_Problem description_. Only the lines of the listing below that run from the line with "В плей-офф Национальной" through the line with "The hotel is" are to be set down, word for word. Pictures stay out.

_Material for this exercise_.

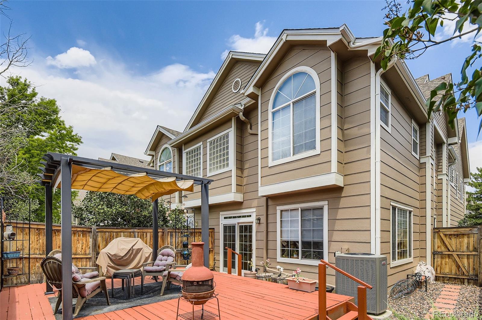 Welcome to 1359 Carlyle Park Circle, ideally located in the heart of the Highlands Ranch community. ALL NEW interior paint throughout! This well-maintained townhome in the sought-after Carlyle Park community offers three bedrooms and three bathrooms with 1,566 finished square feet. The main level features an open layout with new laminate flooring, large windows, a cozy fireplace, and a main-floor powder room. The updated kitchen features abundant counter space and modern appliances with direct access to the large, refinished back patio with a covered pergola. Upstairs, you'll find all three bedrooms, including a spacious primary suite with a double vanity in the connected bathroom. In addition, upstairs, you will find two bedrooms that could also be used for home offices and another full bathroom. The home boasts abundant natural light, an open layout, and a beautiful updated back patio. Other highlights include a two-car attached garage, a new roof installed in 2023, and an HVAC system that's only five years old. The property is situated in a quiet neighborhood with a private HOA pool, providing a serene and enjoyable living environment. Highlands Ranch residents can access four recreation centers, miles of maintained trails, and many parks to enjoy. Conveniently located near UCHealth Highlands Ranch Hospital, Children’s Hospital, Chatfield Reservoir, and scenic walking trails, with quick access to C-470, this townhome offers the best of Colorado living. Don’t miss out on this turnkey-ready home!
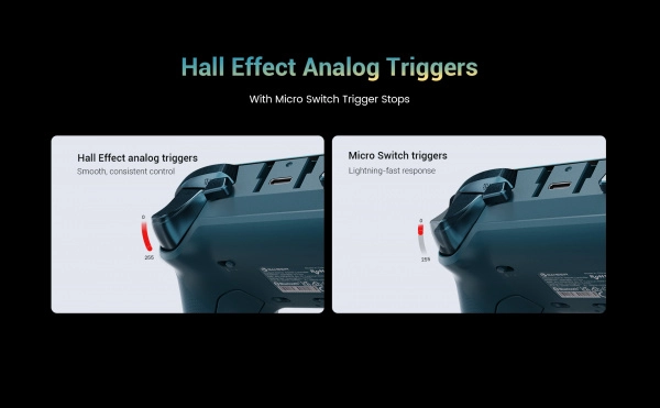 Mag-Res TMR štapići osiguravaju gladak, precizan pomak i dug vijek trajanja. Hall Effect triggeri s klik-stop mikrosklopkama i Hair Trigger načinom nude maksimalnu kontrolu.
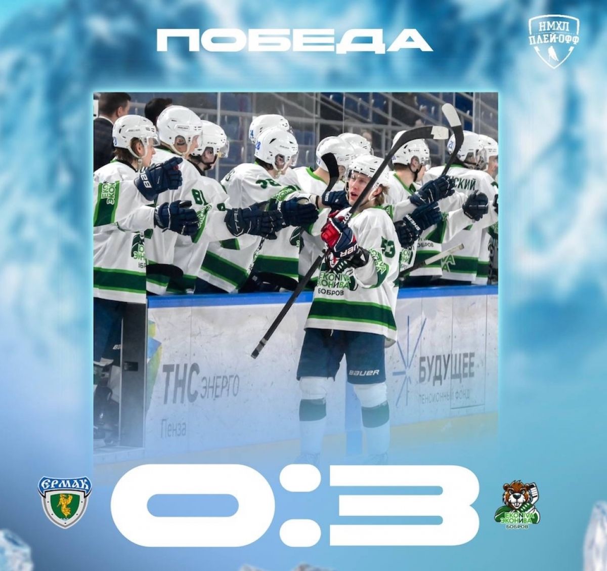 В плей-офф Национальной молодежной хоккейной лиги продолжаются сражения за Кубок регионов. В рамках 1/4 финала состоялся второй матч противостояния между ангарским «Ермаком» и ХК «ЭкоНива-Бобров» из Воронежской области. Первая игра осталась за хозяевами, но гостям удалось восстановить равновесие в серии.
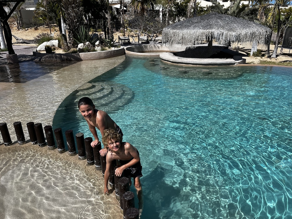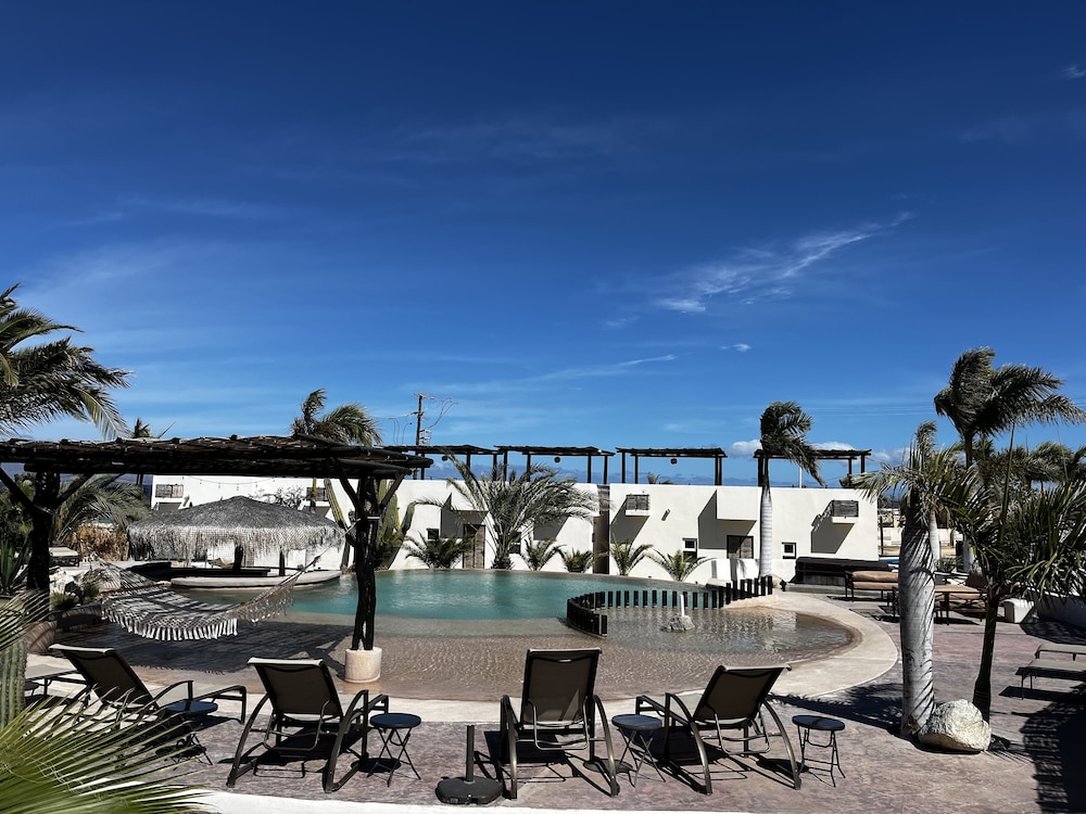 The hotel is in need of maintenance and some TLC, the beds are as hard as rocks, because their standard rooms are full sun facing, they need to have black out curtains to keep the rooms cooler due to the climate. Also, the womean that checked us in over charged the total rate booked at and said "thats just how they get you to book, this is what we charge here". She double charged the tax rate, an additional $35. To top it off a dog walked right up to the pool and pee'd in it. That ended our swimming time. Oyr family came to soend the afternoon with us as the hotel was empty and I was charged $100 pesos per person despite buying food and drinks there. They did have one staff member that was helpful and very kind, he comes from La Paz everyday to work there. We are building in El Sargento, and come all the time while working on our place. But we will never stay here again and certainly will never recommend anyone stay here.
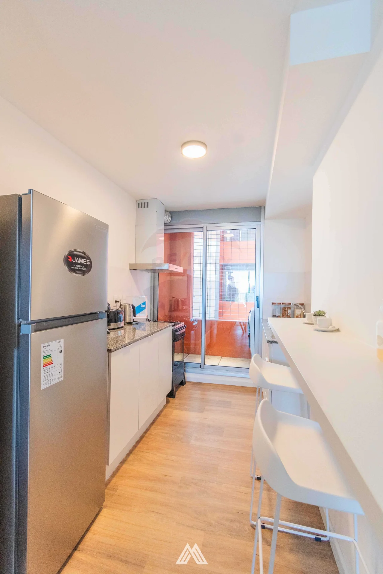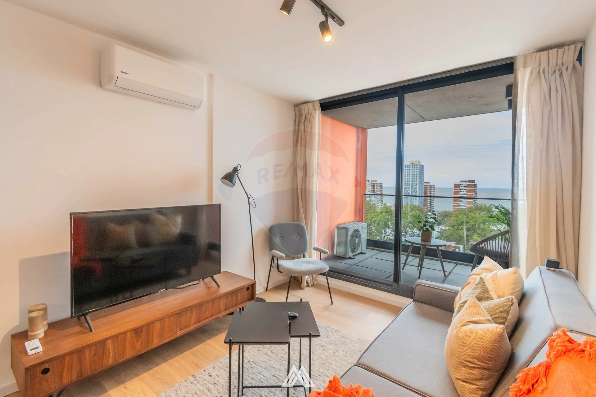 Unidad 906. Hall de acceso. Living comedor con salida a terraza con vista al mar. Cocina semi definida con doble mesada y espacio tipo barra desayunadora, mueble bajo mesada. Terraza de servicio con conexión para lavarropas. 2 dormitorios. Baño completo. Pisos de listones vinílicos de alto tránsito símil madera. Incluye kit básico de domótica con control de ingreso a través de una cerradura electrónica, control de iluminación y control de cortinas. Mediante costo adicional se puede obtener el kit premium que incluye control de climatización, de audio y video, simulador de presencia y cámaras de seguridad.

_Response for this exercise_.
 В плей-офф Национальной молодежной хоккейной лиги продолжаются сражения за Кубок регионов. В рамках 1/4 финала состоялся второй матч противостояния между ангарским «Ермаком» и ХК «ЭкоНива-Бобров» из Воронежской области. Первая игра осталась за хозяевами, но гостям удалось восстановить равновесие в серии.
 The hotel is in need of maintenance and some TLC, the beds are as hard as rocks, because their standard rooms are full sun facing, they need to have black out curtains to keep the rooms cooler due to the climate. Also, the womean that checked us in over charged the total rate booked at and said "thats just how they get you to book, this is what we charge here". She double charged the tax rate, an additional $35. To top it off a dog walked right up to the pool and pee'd in it. That ended our swimming time. Oyr family came to soend the afternoon with us as the hotel was empty and I was charged $100 pesos per person despite buying food and drinks there. They did have one staff member that was helpful and very kind, he comes from La Paz everyday to work there. We are building in El Sargento, and come all the time while working on our place. But we will never stay here again and certainly will never recommend anyone stay here.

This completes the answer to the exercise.